Чтобы одушевить пространство своих одиноких поисков и восхождений по всем этим векам и весям, которые подвластны только очень смелому и дерзкому воображению, Юрий Кувалдин берет с собой в путь людей с именами библейских пророков, самих этих пророков, соратников по литературному поприщу, которых он именует апостолами, а также царей, зверей, птиц - всех, кто находится в ареале его пристрастий, в необузданности всего, чем одержимо его писательское "Я". Здесь яростно схлестываются между собой топонимика, история с географией. Священное писание, Фрейд с Достоевским. Здесь нет только и намека на какое-либо наукообразие, потому что: "Меня обвиняют, что безудержнее всего моя фантазия в том, что я рассказываю о себе. Но уместно спросить: кому и распоряжаться моей жизнью, как не мне самому?" - вот так объясняет Юрий Кувалдин то, что понятно и без этих слов. Понятно оттого, что писатель предельно открыт, искренен перед "вечностью и пространством". И провокативен - в самом высоком понимании творческой сверхзадачи.
"Какие книги вы считаете лучшими за всю историю литературы?"
- спрашивают у Юрия Кувалдина иные из тех, о ком он говорит: "Остерегайтесь филологов, которые любят (...) приветствия в ЦДЛ на вечерах, заседая в президиумах".
На этот вопрос Юрий Кувалдин отвечает следующим образом: "Не моргнув глазом, называю свою последнюю вещь - "Интервью", а ее и прозой-то назвать трудно: так, просто работа для вечности и пространства. (...) Похоже, в таких случаях надо держать перед собой плакат с надписью "Кувалдин шутит" и еще подчеркнуть это слово".
- Вот интонация, очень характерная для писательской манеры Юрия Кувалдина. От великого до смешного и впрямь один шаг, - не правда ли?

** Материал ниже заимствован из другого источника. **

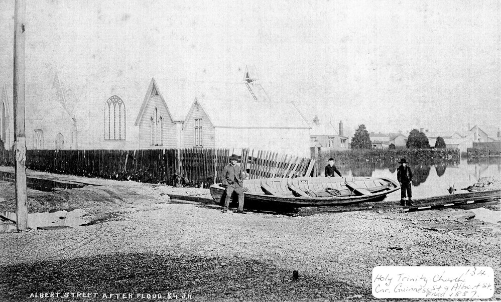 West Coast New Zealand History (5th Oct 2025). Albert Street after a flood - Holy Trinity Church in background. Greymouth.1887.. In Website West Coast New Zealand History. Retrieved 19th Mar 2026 08:46, from https://westcoast.recollect.co.nz/nodes/view/28212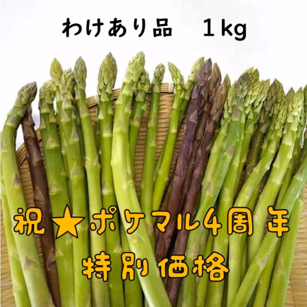 - 祝★ポケマル4周年&アスパラ収穫終了ありがとうの特別価格! 通常1kg1600円のところ、4周年にちなみ1400円にて出品いたします! ※1.5kgの商品は受付停止しております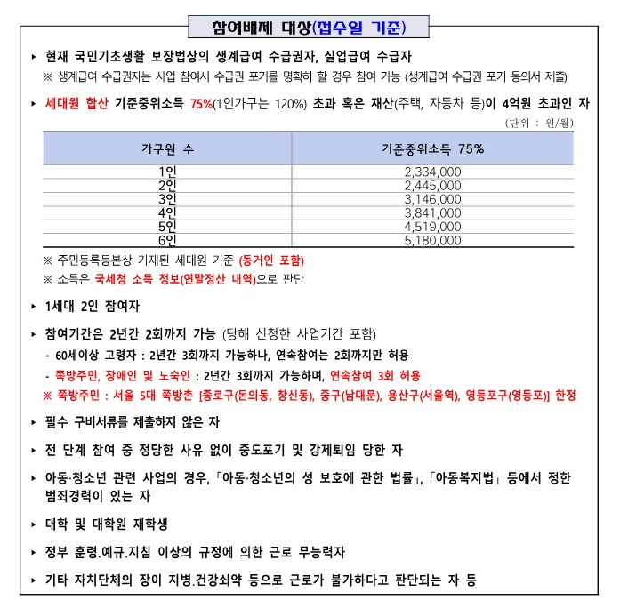 그 외에 대학생이나, 건강쇠약 등도 참여배제 대상이 되니 참고하시고 위 내용을 자세히 읽어주시기 바랍니다.

А между тем, писать для "вечности и пространства" - значит, заведомо обречь себя на высшую степень неприятия теми, в чьей власти направлять, просчитывать, задавать тон, - прагматично и - в приватном смысле - корпоративно. Но, как выразился один мудрый философ прошлого: "Мало пишущих, - много писающих".
А Юрий Кувалдин идет себе мимо них, своей - единственно для него предназначенной дорогой, не заискивая, не приседая на полусогнутых. И оттого он свободен и невероятно целостен. Пусть в этой дороге он будет счастлив, любим, узнан. И признан.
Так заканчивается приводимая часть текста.